How Distillation Works¶
- The tool call log is summarised (capped at 25 entries; string params truncated to 80 chars)
- The log is sent to the LLM alongside the full list of existing built-in and custom skills (to prevent duplicates)
- The LLM decides whether a reusable, generalisable pattern exists
- If yes, it returns either a code-mode or prompt-mode skill definition
- The skill is saved, and a 🧠 badge appears in the chat
What Makes a Good Candidate¶
| Good | Bad |
|---|---|
| Recurring pattern: profit ranking, top-N per group, cohort KPI report | One-off task specific to this exact dataset |
| Parameterisable — not hard-coded column names or filter values | Near-duplicate of a built-in skill |
| Multi-step combination that pays off in future sessions | Trivially simple: single filter, sort, or lookup |
Managing Learned Skills¶
Learned skills appear with a 🧠 badge in the Skills panel. You can edit, test, or delete them at any time.
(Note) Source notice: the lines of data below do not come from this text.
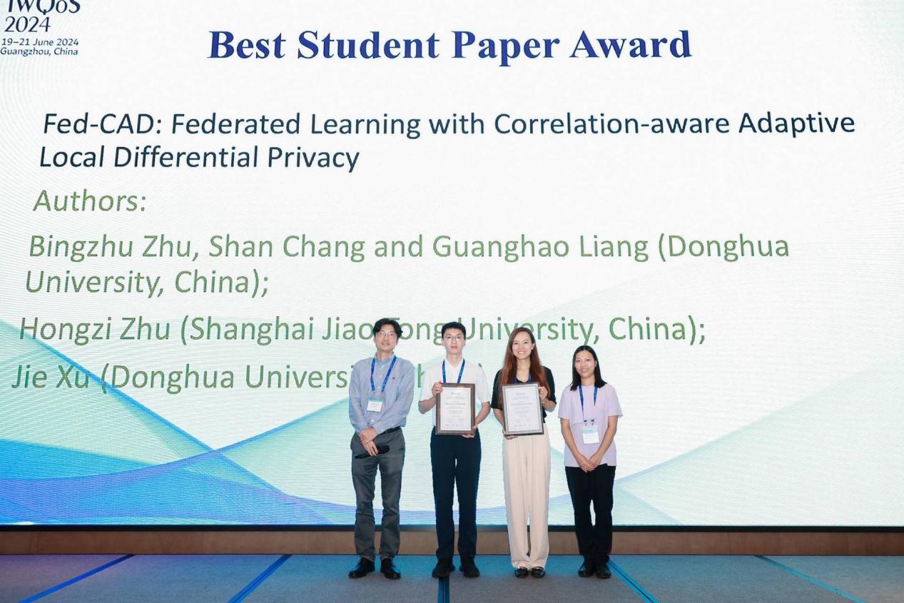 IEEE/ACM IWQoS会议 (International Symposium on Quality of Service) 于6月19日- 6 月21日在香港科技大学(广州)举行,龙8-long8(头号玩家)国际唯一官方网站龙8-long8(头号玩家)国际唯一官方网站常姗教授团队针对联邦学习本地化差分隐私技术的最新研究成果“Fed-CAD: Federated Learning with Correlation-aware Local differential privacy”获得本次会议的唯一最佳学生论文奖(Best Student Paper Award)。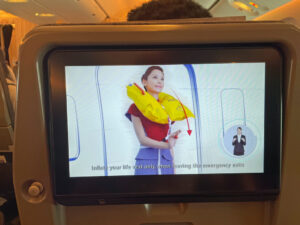 Kurz nach dem Boarding wurden gratis Kopfhörer verteilt. Erst ca. 10 Minuten später wurde das Entertainmentsystem gestartet. Dann dauerte es noch eine Viertelstunde bis zum Pushback, da die Beladung des Flugzeugs noch nicht abgeschlossen war.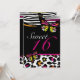 Esta invitación brillante salvaje del estampado de animales que ofrece los puntos del leopardo y las rayas de neón de la cebra, es perfecta para el dulce 16.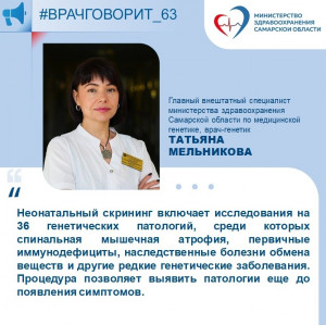 Об этом рассказала главный внештатный специалист министерства здравоохранения Самарской области по медицинской генетике, заведующая медико-генетической консультацией Самарской областной клинической больницы имени В.Д. Середавина, врач - генетик Татьяна Мельникова:
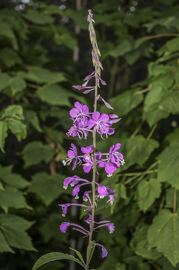 Fireweed (ssp. angustifolium) is an erect, perennial, 8″ to 52″ tall forb that rises usually on a single aerial stem from a rhizome-like underground stem and fibrous roots. It often forms large colonies. The stems are erect, usually unbranched, and round or somewhat angular in cross section. They are leafy; hairless or nearly hairless below the inflorescence; and green, sometimes becoming reddish near the top in strong sunlight. The leaves are alternate, numerous, and crowded. They are stalkless or nearly stalkless, narrowly lance-shaped or linear lance-shaped, 2¾″ to 5½″ long, and ¼″ to ½″ wide. The leaf blades are broadly angled or almost rounded at the base and taper to a point at the tip. The upper and lower surfaces are hairless, even on the midvein. There is a prominent midvein and 10 to 25 lateral veins that run into a single submarginal vein. The submarginal vein is distinct but the lateral veins often are not. The margins are untoothed or obscurely untoothed. The inflorescence is a 3″ to 8″ long, unbranched cluster (raceme) of up to 15 or more stalked flowers at the end of the stem. The flowers nod at the end of a long, magenta-colored stalk when in bud. They are spreading to almost erect when in bloom. Each flower is ¾″ to 1½″ in diameter. There are 4 sepals, 4 petals, 8 stamens and 1 style. The sepals are spreading, narrowly lance-shaped, ¼″ to ⅝″ long, and similar in color but darker than the petals. The petals are pink to magenta, rarely white. They are ⅜″ to ⅝″ long and ⅛″ to ⅜″ wide. They are narrowed at the base and broad near the tip. The stamens have long white filaments and dark magenta anthers. The style has a 4-lobed stigma. The fruit is a straight, cylinder-shaped, 1½″ to 3″ long capsule with many seeds. |

The Clear button removes all custom skills at once.
Skill Registry¶
skills/registry.py maintains two lists: built-in functions loaded from builtin.py, and custom skills loaded from data/custom_skills.json. At query time, get_tool_definitions(code_tool=False) returns the merged OpenAI-compatible tool schema:
{
"type": "function",
"function": {
"name": "aggregate",
"description": "Group by columns and aggregate.",
"parameters": { "type": "object", "properties": { ... } }
}
}
Custom skills are added to this list with a generated schema based on their name and description, so the LLM can invoke them using the same tool-calling mechanism as built-ins.